В первый год пребывания в Антарктике главная партия Скотта насчитывала 15 офицеров и 9 матросов. В число офицеров входили трое исполнителей и двенадцать ученых, но такое деление было бы искусственным, потому что, например, Уилсон, ученый, выполнял не меньше повседневных обязанностей, чем остальные, а простые исполнители часто участвовали в научных исследованиях. Я постараюсь здесь вкратце охарактеризовать личные качества этих людей и выполняемую ими повседневную работу в доме. Прежде всего напомню, что не все члены экспедиции были взяты для участия в санных походах. Некоторые были выбраны не столько за физическую выносливость и другие необходимые для походов качества, сколько за научные заслуги. В санных вылазках регулярно участвовали Скотт, Уилсон, Эванс, Боуэрс, Отс (с пони), Мирз (с собаками), Аткинсон (хирург), Райт (физик), Тейлор (физикогеограф), Дебенем (геолог), Гран и я; Дэю же надлежало в наступлении на полюс вести моторные сани до предельной точки. Остаются Симпсон, метеоролог, вынужденный по характеру своей работы систематически вести наблюдения; Нельсон, к которому также относится это замечание, – в круг его научных занятий входили биология моря, температура воды, течения, приливно-отливные явления; и Понтинг, занимавшийся фотографией и достигший в этой области искусства общепризнанных успехов.

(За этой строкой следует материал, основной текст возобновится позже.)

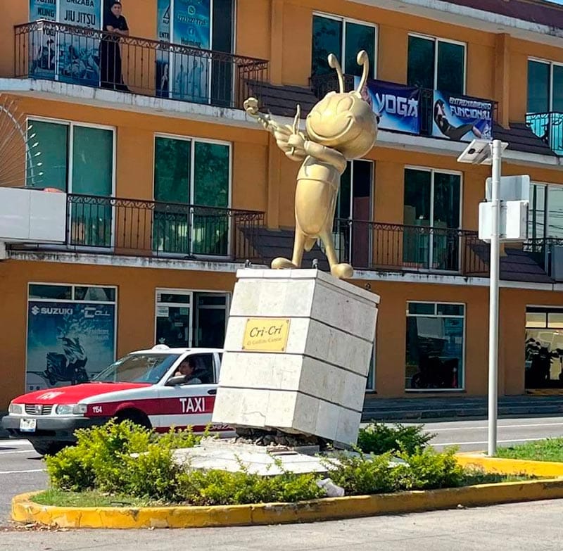 Orizaba, Ver.(AVC).- El choque frontal de un automóvil contra la base del monumento al grillito cantor "Cri Cri" ubicado sobre la Avenida del mismo nombre a la altura de la Colonia Adolfo López Mateos, dejó como saldo daños materiales mayores a los 30 mil pesos, así como una inmediata movilización de cuerpos policiales y de rescate.

Как бы хорошо я ни писал об Уилсоне, его многочисленные друзья в Англии, люди, плававшие с ним на кораблях или жившие вместе в хижине, большинство из участвовавших вместе с ним в лыжных походах (а в походах люди выявляются как нигде), все равно не будут довольны, ибо ему невозможно воздать по заслугам. Тем, кто знал его, он не мог просто нравиться – в него нельзя было не влюбиться. Билл был, что называется, солью земли. Если бы меня спросили, какое свойство души прежде всего делает его столь нужным, столь любимым, я бы, пожалуй, ответил: его способность никогда ни минуты не думать о себе. В этом смысле необычайно выделялся и Боуэрс, о котором я скажу ниже; замечу, кстати, что без этого важнейшего качества нельзя быть хорошим исследователем Антарктики. Среди нас было много таких самоотверженных людей, и офицеров и рядовых матросов, и успех экспедиции в немалой степени объясняется тем, что ее участники безропотно подчиняли свои личные симпатии и антипатии, желания и вкусы интересам общего дела. Уилсон и Пеннелл первыми установили принцип – экспедиция сначала, все остальное потом, и мы безоговорочно его соблюдали; он не раз помогал нам преодолевать трудности, которые иначе могли бы вызвать трения.
Уилсон был разносторонним человеком. Он был правой рукой Скотта и научным руководителем экспедиции; в Англии он работал врачом в больнице св. Георга, как зоолог занимался позвоночными. Его работа о китах, пингвинах и тюленях, опубликованная в «Научном отчете об экспедиции «Дисковери»», до сих пор лучшая в этой области и с интересом читается даже неспециалистами. Во время плавания на «Терра-Нове» в Антарктику он по заданию Королевской комиссии продолжал работать над трудом о болезнях куропаток, который ему не суждено было увидеть напечатанным. Но в памяти самых близких Уилсону людей изо всей его многообразной деятельности прежде всего останутся, наверное, его акварели.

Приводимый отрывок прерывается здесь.